No está, por definición, lo relevante en el centro. Los hulahoops más frenéticos pueden ser los más lejanos. Giremos, seamos derviches para vincularnos a periferias más remotas, más deseables. Nuestro ombligo, sobre el que pivotan las cotas de nivel de nuestro empuje, ha de ser mero instrumento, flor mecánica.
El grado de periferia invisible que tenemos en vilo, que nos nutre, depende de nuestra capacidad de alcance: hoy, un alcance de palma ambiciosa, hacia el exterior; mañana, uno limitado, un alcance de seco embrión ensimismado.
¡Giremos, giremos, giremos! No seamos malhadados puntos muertos, seamos camelias centrifugadoras que ocupan el jardín con oleadas de pétalos que se desprenden en castrense formación de ondas de wifi; emitamos mensajes radiales; radiemos velcros, pegajosos globos sonda y bumerangs colibrí que liben, a fondo, en nuestro nombre.
Primero hallaremos los círculos más cercanos a nuestra cintura, los más estrechos, los poco cimbreantes, los controlables: la mesa de la cocina, el barrio memorizado y otras zonas trilladas, como el terreno de las decisiones tomadas y las sendas en espiral de los entuertos presentes. Luego se sucederán las circunvalaciones urbanas, los cinturones empresariales, los trigos mesetarios, el mar de verdad, el extranjero, la ficción conocida y la por conocer… y el mar de dudas, la última periferia.
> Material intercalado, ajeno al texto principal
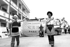 2018年6月5日,茶春梅(右一)在巍山县非遗进校园活动中,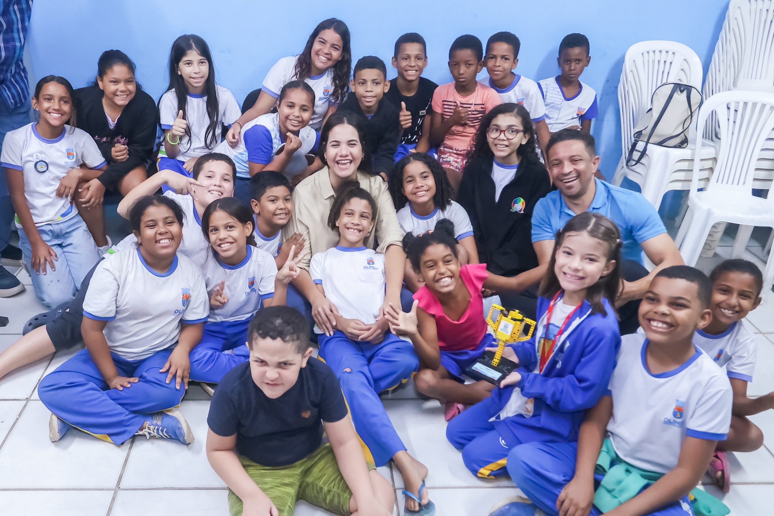 “Vim dar um abraço pessoalmente pela conquista do troféu no First Lego. A gente fica muito feliz com a felicidade de vocês. Que venham mais e mais competições para a gente colocar Olinda em destaque”, disse Mirella, após tocar nos troféus e medalhas dos campeões, os estudantes Wallas Flávio Caetano de Melo e Sophya Rafaela Santos da Silva.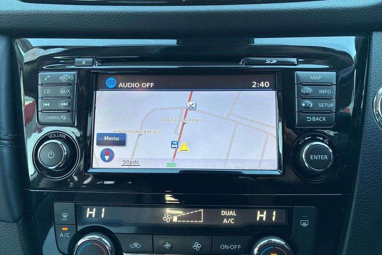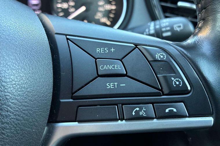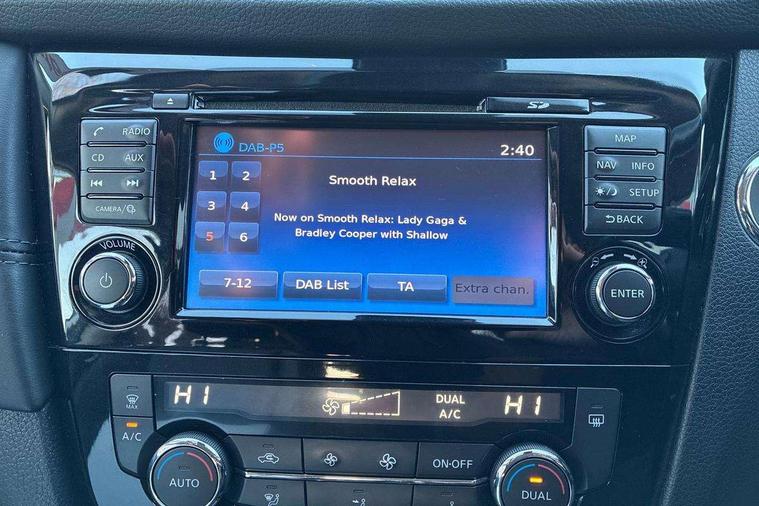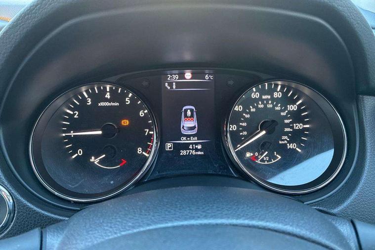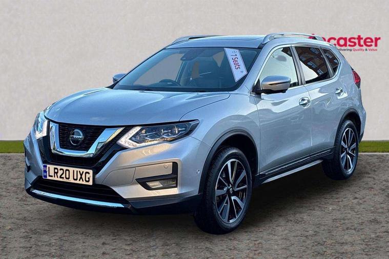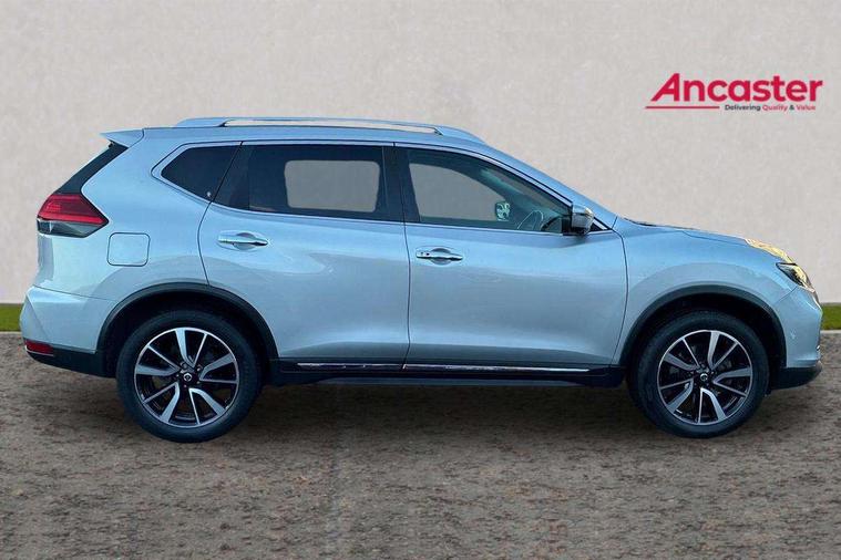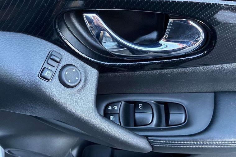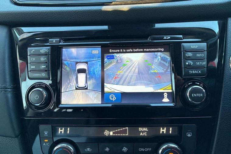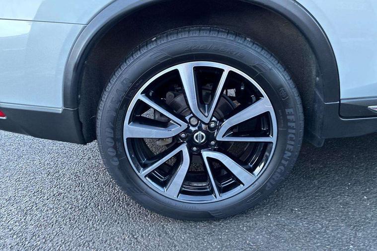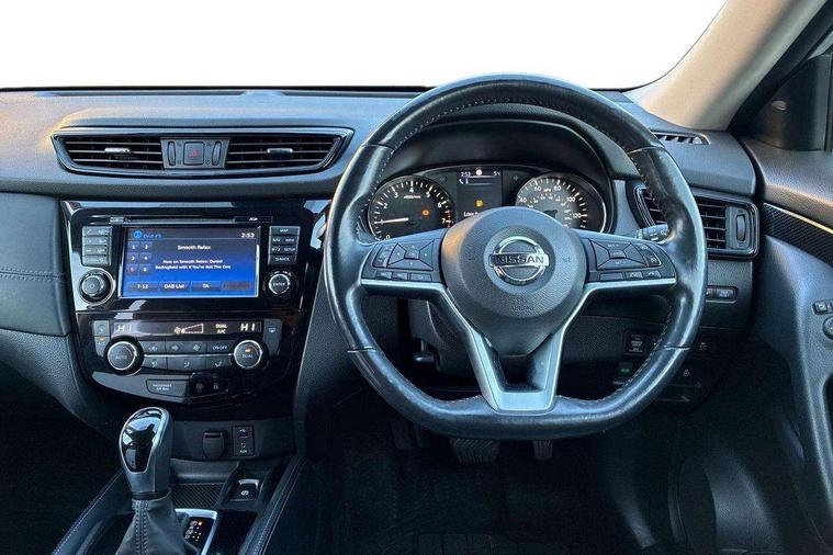 5" TFT driver information centre, Automatic tailgate opening, Blind spot monitoring, Bluetooth phone integration system, Cruise control + speed limiter, Driver attention alert system, Front and rear parking sensors, Intelligent around view monitor, Intelligent parking assist, Lane departure warning system, Moving object detection, Nissan connect evo 7" touchscreen navigation and entertainment system, PAS, Push button start, Rear cross traffic alert, Traffic sign recognition, Trip computer, Nissan chassis control (intelligent ride control, intelligent trace control, intelligent engine brake), DAB Digital radio, Radio/CD, Smartphone apps, Steering wheel mounted audio controls, USB/aux input socket, Adaptive front lighting system, Anti dazzle rear view mirror, Automatic headlights, Automatic rain sensing wipers, Black honeycomb front grille, Body colour door mirrors, Chrome door handles, Chrome side mouldings, Chrome window surround, Electric folding door mirrors, Electric heated door mirrors, Front and rear electric windows, Front fog lights, LED daytime running lights, LED Headlights, Panoramic sunroof with one touch shade, Rear privacy glass, Satin silver roof rails, Shark fin roof aerial, 3 rear headrests, 60/40 split rear bench seat, Centre console storage box/armrest, Configurable luggage board system, Driver's electric lumbar adjustment, Dual zone climate control, Electric adjustable front seats including height adjust, Front and rear door pockets with bottle holders, Front cupholders, Front/rear armrests, Heated front seats, Heated rear seats, Height adjustable front headrests, Individual rear reading lights, Isofix child seat attachment, Leather D shaped steering wheel, Leather steering wheel and gear knob, Pollen filter, Tilt/telescopic adjustable steering wheel, 3 point seatbelts on all seats, 6 airbags - Driver, front passenger, curtain and side airbags, ABS, Child locks on rear doors, EBD + Brake Assist, Electric parking brake, ESP + traction control, Intelligent emergency braking with pedestrian recognition, Seatbelt warning, Tyre pressure monitoring system, Immobiliser, Intelligent Key, Remote central locking, Thatcham Cat.1 alarm, Full size spare wheel,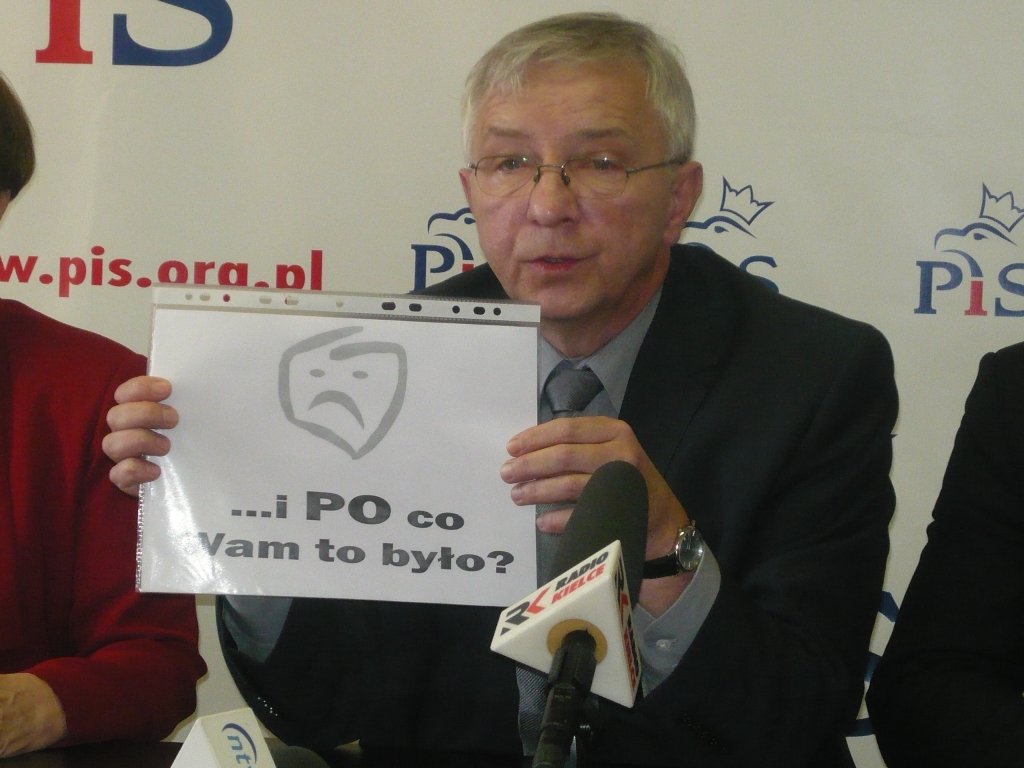 Kielce. Podczas konferencji prasowej, która odbyła się w kieleckim Biurze Poselsko - Senatoeskim PiS, Prezes Świętokrzyskiej Organizacji Prawo i Sprawiedliwość, Posełna Sejm RP Krzysztof Lipiec poinformował dziennikarzy o nowej, spektakularnej akcji świętokrzyskiego PiS, która zastała nazwana "...i PO co Wam to było?". Głównym celem akcji będzie organizacja cyklu publicznych spotkań dla zwolenników i wyborców Platformy Obywatelskiej, którzy - jak stwierdził podczas konferencji poseł Krzysztof Lipiec - "...czują się dziś oszukani przez Donalda Tuska i Platformę Obywatelską". Pierwsze z cyklu takich spotkań odbędzie się już w sobotę 1 grudnia na Placu Artystów w Kielcach. W konferencji prasowej wraz z posłem Krzysztofem Lipcem wzięli także udział: posłowie Maria Zuba i Jarosław Rusiecki oraz Senator Krzysztof Słoń.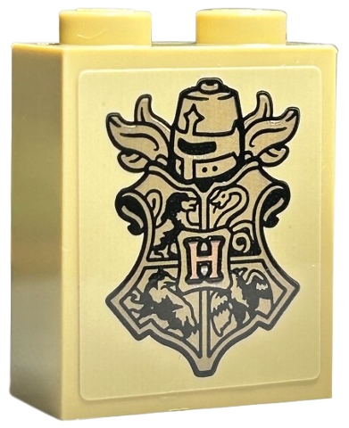 Brick 1 x 2 x 2 with Inside Stud Holder with Copper Capital Letter H, Dark Tan Hogwarts Crest, Helmet and Plume Feathers Pattern (Sticker) - Set 76415

Anclada, pero no inmóvil, giro para abarcar, todo rozando. En uno de mis giros, vuelo de falda que refresca mi ignorancia, descubro que «peri» es el nombre que recibe un hada hermosa y bienhechora en la mitología pérsica y que «feérica» significa perteneciente o relativo a las hadas. Me he metido en harina con las periferias… el concepto hada me repliega… pero la feliz coincidencia temática me permite un nuevo giro e invento en directo, ahora mismo, la palabra «perifeérica»: un neologismo que me place. Lo adopto. Es buen lubricante para el cigüeñal de mi cuento. Prosigo.
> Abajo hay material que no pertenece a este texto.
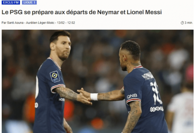 北京时间2月14日,法国媒体Foot Mercato独家报道,巴黎圣日耳曼正在为今夏梅西和内马尔可能的离队做准备。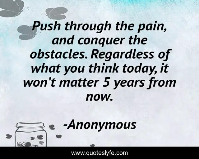 This page presents the quote "Push through the pain, and conquer the obstacles. Regardless of what you think today, it won’t matter 5 years from now.". Author of this quote is Anonymous. This quote is about pain, do-it,.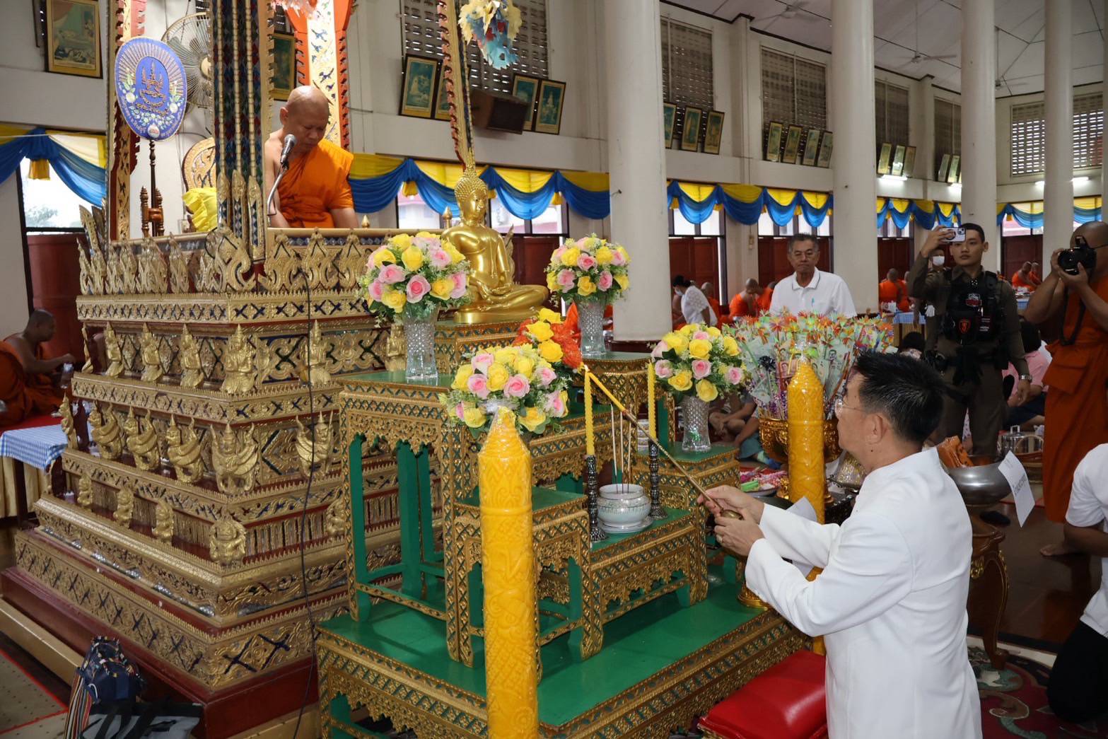 วันที่ 10 กรกฎาคม 2568 เวลา 06.00 น. นายสุเมธ ธีรนิติ ผู้ว่าราชการจังหวัดสิงห์บุรี เป็นประธานพิธีทำบุญตักบาตร ถวายเทียนพรรษา และพิธีเวียนเทียน เนื่องในเทศกาลวันอาสาฬหบูชา และวันเข้าพรรษาพุทธศักราช 2568 โดยมี นางวาสนา ธีรนิติ นายกเหล่ากาชาดจังหวัดสิงห์บุรี นางสาวโสภา กองเนตร นายอำเภอท่าช้าง/นายกกิ่งกาชาดอำเภอท่าช้าง หัวหน้าส่วนราชการ ผู้บริหารท้องถิ่น ข้าราชการ กำนัน ผู้ใหญ่บ้าน เจ้าหน้าที่เหล่ากาชาดจังหวัดสิงห์บุรี และประชาชน เข้าร่วมพิธีดังกล่าว ณ ศาลาการเปรียญ และ พระอุโบสถวัดพิกุลทอง อำเภอท่าช้างจังหวัดสิงห์บุรี

¡Ah, las periferias perifeéricas! (generalmente, concéntricas, en ocasiones, secantes) tienen también mimbres de tela de araña (que puede ser tensa, que puede ser laxa), pero su estructura nos sostendrá siempre, aunque, si reducimos su influjo, si dejamos de creer que son sostén necesario, se aflojarán, y temblarán tanto nuestras firmezas que temeremos caer en el abismo de nuestro hipocentro.
Así, lo más sencillo es ubicarme sobre un centro circunstancial, pero firme y cartografiado: esta ciudad, esta casa, este escritorio, por ejemplo, y considerarme solo un modesto punto de partida sobre el que pivotará esta vida exigua, condensada, austera en ambiciones. Con tanto revolverme sobre mí misma, sobre el hueco que soy, peonza centrada en bien temblar, alcanzaré cada vez más encantadoras periferias. Tendré una vida con patas cortas, pero de largo alcance. Perifeérica, seguiré contando.